--- Record excerpts Enclosed Below ---

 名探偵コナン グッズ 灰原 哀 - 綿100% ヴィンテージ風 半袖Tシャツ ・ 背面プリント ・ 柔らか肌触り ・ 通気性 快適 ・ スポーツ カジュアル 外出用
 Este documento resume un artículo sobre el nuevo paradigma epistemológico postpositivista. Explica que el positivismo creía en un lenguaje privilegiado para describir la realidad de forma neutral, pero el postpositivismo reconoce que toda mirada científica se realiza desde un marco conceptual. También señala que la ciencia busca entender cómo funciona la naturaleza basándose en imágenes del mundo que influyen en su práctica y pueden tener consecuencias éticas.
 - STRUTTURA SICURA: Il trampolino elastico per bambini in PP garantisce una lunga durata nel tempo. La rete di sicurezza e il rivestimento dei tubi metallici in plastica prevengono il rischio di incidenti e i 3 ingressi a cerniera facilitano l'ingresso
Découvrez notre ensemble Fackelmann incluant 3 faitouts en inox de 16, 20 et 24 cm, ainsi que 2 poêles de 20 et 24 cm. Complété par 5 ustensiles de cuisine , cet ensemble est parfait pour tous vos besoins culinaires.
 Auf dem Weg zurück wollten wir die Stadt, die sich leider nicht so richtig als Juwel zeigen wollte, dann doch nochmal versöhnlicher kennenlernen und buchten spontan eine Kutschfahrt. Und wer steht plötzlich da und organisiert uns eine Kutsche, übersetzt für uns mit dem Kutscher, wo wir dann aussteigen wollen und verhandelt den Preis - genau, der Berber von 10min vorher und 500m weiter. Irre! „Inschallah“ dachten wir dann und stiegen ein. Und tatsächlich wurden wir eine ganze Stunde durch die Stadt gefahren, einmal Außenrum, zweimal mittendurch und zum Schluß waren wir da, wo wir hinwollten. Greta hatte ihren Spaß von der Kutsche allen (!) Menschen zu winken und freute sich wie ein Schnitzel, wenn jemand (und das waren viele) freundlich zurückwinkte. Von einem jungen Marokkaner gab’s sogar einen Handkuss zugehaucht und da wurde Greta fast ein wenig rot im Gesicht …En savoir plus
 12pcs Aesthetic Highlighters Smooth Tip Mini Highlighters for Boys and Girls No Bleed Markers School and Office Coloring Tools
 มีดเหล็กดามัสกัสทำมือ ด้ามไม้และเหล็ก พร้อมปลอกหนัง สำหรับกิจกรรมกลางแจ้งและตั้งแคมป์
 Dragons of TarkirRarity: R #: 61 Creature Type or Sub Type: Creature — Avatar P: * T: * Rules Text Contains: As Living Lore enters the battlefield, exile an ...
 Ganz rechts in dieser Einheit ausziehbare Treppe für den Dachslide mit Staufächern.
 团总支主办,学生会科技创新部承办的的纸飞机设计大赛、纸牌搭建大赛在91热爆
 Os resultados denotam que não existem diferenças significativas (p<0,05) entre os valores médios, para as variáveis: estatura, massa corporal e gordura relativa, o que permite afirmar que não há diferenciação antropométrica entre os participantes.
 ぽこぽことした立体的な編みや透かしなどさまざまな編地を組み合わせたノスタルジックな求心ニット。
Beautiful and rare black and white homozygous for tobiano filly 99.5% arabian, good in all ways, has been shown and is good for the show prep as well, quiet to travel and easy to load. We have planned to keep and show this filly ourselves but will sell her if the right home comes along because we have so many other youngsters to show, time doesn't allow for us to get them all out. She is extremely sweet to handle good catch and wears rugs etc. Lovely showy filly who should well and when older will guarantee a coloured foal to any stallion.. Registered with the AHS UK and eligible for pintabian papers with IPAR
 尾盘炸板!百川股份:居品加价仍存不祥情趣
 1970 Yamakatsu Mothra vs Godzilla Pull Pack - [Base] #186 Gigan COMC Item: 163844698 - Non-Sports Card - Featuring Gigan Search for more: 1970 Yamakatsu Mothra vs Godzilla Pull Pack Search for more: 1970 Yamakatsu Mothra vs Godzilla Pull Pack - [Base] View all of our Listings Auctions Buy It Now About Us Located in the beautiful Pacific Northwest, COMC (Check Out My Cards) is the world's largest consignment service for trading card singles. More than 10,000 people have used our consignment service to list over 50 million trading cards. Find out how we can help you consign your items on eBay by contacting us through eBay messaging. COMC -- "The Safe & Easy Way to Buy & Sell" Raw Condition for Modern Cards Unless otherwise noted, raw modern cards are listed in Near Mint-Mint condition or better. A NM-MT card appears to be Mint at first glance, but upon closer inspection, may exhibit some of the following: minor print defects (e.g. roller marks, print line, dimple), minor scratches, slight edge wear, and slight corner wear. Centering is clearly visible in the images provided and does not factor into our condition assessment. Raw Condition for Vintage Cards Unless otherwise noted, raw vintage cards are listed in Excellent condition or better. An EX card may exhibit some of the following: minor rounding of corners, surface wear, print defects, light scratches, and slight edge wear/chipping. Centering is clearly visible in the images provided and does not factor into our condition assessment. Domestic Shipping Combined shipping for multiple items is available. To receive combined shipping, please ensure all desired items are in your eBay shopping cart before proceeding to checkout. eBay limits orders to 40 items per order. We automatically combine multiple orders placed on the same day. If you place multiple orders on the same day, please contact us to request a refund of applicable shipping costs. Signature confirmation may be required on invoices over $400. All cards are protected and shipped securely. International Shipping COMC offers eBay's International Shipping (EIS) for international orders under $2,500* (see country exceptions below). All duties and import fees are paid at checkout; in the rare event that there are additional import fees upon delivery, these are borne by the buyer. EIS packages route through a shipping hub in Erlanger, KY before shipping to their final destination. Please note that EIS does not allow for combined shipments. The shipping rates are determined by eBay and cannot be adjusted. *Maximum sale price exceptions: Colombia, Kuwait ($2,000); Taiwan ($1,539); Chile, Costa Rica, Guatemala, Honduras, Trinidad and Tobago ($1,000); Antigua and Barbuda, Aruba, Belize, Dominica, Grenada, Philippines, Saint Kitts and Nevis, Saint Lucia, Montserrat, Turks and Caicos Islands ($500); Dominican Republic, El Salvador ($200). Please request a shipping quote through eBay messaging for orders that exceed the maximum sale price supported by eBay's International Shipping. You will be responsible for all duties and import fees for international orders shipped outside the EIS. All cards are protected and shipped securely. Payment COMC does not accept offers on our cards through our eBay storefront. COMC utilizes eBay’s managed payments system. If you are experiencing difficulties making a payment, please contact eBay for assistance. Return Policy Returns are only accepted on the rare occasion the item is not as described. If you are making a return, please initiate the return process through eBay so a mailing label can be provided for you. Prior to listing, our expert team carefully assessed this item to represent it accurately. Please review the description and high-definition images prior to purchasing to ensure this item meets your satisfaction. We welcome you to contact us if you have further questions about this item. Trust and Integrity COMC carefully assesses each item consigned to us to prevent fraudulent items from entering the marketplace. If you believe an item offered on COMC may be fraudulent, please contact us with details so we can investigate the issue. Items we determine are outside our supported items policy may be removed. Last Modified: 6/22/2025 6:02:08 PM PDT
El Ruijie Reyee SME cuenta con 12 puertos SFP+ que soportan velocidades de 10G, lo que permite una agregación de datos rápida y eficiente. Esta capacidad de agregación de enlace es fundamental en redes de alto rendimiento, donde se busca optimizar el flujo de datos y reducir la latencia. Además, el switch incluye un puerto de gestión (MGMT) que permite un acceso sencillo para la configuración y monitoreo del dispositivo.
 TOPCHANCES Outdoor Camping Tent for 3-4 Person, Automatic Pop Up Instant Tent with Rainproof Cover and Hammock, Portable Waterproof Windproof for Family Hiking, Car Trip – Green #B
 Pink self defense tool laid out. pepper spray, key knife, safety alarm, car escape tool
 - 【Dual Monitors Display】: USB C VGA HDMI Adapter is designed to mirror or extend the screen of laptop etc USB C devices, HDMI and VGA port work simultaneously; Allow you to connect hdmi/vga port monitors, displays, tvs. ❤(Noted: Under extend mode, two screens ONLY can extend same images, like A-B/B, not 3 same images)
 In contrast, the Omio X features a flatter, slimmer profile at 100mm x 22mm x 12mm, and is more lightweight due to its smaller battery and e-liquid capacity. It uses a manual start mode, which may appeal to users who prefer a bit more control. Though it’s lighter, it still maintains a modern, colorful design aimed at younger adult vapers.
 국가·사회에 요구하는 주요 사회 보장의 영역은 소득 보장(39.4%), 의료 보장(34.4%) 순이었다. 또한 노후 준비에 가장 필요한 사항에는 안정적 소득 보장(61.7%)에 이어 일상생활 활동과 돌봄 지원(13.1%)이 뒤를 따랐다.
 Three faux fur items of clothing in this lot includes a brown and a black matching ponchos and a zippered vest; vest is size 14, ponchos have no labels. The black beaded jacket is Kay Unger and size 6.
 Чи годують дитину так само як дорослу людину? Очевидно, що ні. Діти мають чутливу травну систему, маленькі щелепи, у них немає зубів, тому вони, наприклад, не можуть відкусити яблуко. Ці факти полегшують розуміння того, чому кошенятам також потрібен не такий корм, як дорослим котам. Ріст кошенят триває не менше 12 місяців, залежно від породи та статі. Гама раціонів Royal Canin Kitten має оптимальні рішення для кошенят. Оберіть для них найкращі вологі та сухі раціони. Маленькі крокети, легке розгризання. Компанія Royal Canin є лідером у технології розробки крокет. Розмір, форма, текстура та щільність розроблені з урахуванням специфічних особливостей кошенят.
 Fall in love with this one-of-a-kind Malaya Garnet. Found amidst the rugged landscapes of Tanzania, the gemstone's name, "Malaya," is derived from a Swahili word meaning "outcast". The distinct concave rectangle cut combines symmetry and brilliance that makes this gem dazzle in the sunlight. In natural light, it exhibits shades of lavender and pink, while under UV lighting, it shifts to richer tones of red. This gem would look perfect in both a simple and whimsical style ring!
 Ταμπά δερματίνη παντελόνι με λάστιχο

--- End of Enclosed Record excerpts ---

● **Exercise details**
Extract from the listing above the lines between the line containing "มีดเหล็กดามัสกัสทำมือ ด้ามไม้และเหล็ก พร้อมปลอกหนัง" and the line containing "Dragons of TarkirRarity: R", keeping both of those lines. Output nothing else.

● **Written solution**
 มีดเหล็กดามัสกัสทำมือ ด้ามไม้และเหล็ก พร้อมปลอกหนัง สำหรับกิจกรรมกลางแจ้งและตั้งแคมป์
 Dragons of TarkirRarity: R #: 61 Creature Type or Sub Type: Creature — Avatar P: * T: * Rules Text Contains: As Living Lore enters the battlefield, exile an ...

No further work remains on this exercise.